A kind of implementation method towards the biggest data search engine the most according to claim 1, it is characterised in that: described Step 2) in create index step comprise the following steps:

A, appointment create the catalogue indexed；

B, establishment Directory object；

Index file object IndexWriter is write in C, establishment；

D, obtain source file File array to determine index content；

E, with circulation by each file write index, first create Document object and Field object, respectively representation database Data line in table and the Column Properties in this row；Then Field is joined in Document, finally by IndexWriter Call function addDocument document index to be write in index data base；

Index object IndexWriter is write in F, closedown.

A kind of implementation method towards the biggest data search engine the most according to claim 1, it is characterised in that: described Step 2) in retrieval step comprise the following steps:

Index object IndexReader is read in A, establishment；

B, establishment object search IndexSearcher；

C, establishment morphological analysis object Analyer；

D, establishment syntactic analysis object QueryParser

G, according to TopDocs obtain corresponding ScoreDoc；

H, according to ScoreDoc obtain corresponding Document document；

I, according to Document obtain corresponding Field attribute.

A kind of implementation method towards the biggest data search engine the most according to claim 1, it is characterised in that: ROSE Search engine system is provided with the http interface of standard and realizes the increase of the index to data, deletes, revises, inquires about.
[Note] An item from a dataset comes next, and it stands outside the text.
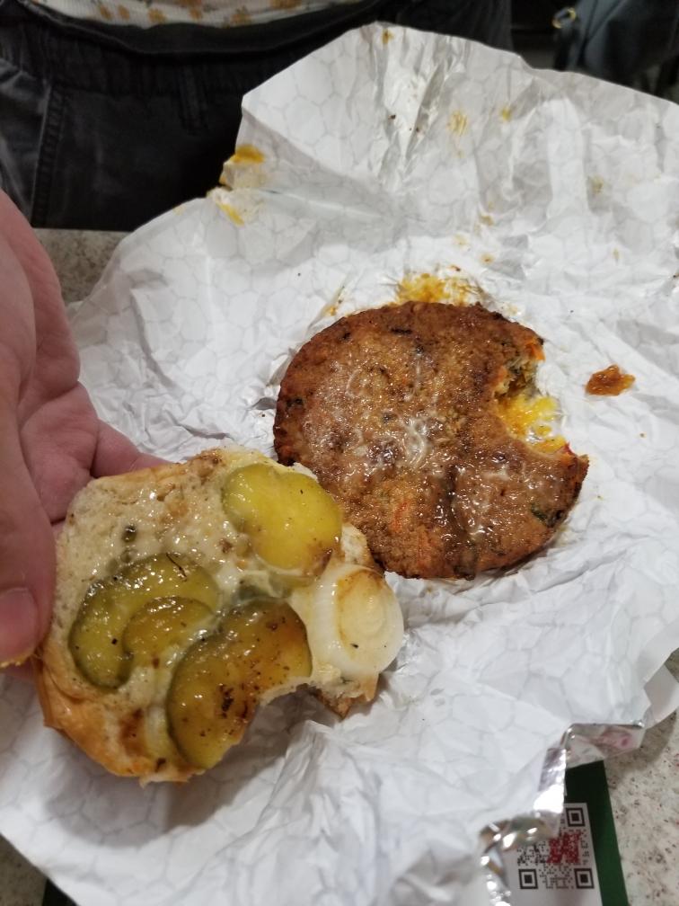 I took that first bite. Blown back by what I had just tasted, I looked over at my girlfriend with utter confusion, and mildly concerned. My taste buds were overwhelmed with sweetness. “What’s in this burger that makes it so sweet? It’s not the ketchup.” It was a very familiar sweetness, but I just can’t pin it down. I tasted the meat by itself, and that confirmed my suspicion, the sweetness is in the meat. It tasted like a bad sloppy Joe and a burger fused together.

A kind of implementation method towards the biggest data search engine the most according to claim 1, it is characterised in that: ROSE Search engine system can quickly set up cluster by Zookeeper, and is hash behaviour according to the id value of current index record After work, the correlation behavior according to the cluster safeguarded in server goes lookup hash value in which Range, finds correspondence shard；Leader sets up in this shard index, until Leader node updates has terminated, finally by version number and literary composition Shelves are transmitted to belong to together the replicas node of a Shard.